Monday 4 March 2013

Mapping cyclist casualty concentrations in London

I've produced some maps of London cycling casualties on this blog before but it's hard to come up with an image that manages to capture both the scale and the spatial specificity of the issue. It matters where cycling casualties happen and it also matters how many there are in a particular area, but at the London-wide level there are so many that the most straightforward visualisation techniques just aren't adequate, even before you start trying to understand the underlying patterns of exposure and causation.

Here, for example, is a simple map showing one dot for every recorded cycling casualty in London over the five years to 2011 (the most recent year available). It includes fatal, serious and slight casualties, with the latter category by far the largest.
This map does tell us some useful things: cycling casualties are heavily concentrated in central London, and judging by the linear patterns seem to be common on major roads too. But there are so many casualties in the centre that the image becomes overwhelmed and you lose a sense of either scale or space. Some kind of aggregation would help.

Following the steps outlined on the Mapbox blog here, I generated a 'heatmap' of cycling casualties in Quantum GIS. A heatmap is a technique that uses spatial interpolation to predict the number of events (in this case, cycling casualties) in a small part of an area based on the actual number observed in or close to that area. It smooths out the pattern a bit and highlights with variations of colour the locations with the greatest concentrations.

If anything, this shows even more clearly how many casualties there are on London's major roads (including many of the ancient Roman routes shown recently on the Mapping London blog).

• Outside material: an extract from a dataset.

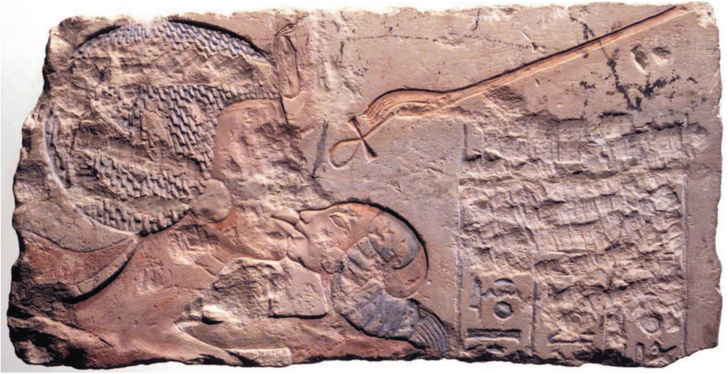
Рис. 6. Блок из Гермополя с изображением Нефертити. Нью-Йорк, Бруклинский музей (Инв. № 60.197.8). Block from Hermopolis with the image of Nefertiti. New York, Brooklyn Museum (Inv. № 60.197.8). https://www.brooklynmuseum.org/opencollection/objects/3700 (дата обращения: 27.01.2020)

I thought it could do with a bit more clarity, so, again following the Mapbox tutorial, I added some definition using contour lines, and a legend.  Note that the heatmap model 'predicts' 140 casualties in the deepest red cells and zero in the deep blue squares that cover most of the suburbs.


Maybe the contours look a bit messy at the London-wide scale but when you zoom into the city centre I think they help, partly by overcoming the blockiness of the heatmap results. In the map below I've labelled the areas in central London with the greatest concentrations of cycling casualties in the last five years. As you can see, the Elephant and Castle area is pretty clearly the worst in terms of the number of casualties, while there is a cluster of areas just north of the river also focused on major junctions.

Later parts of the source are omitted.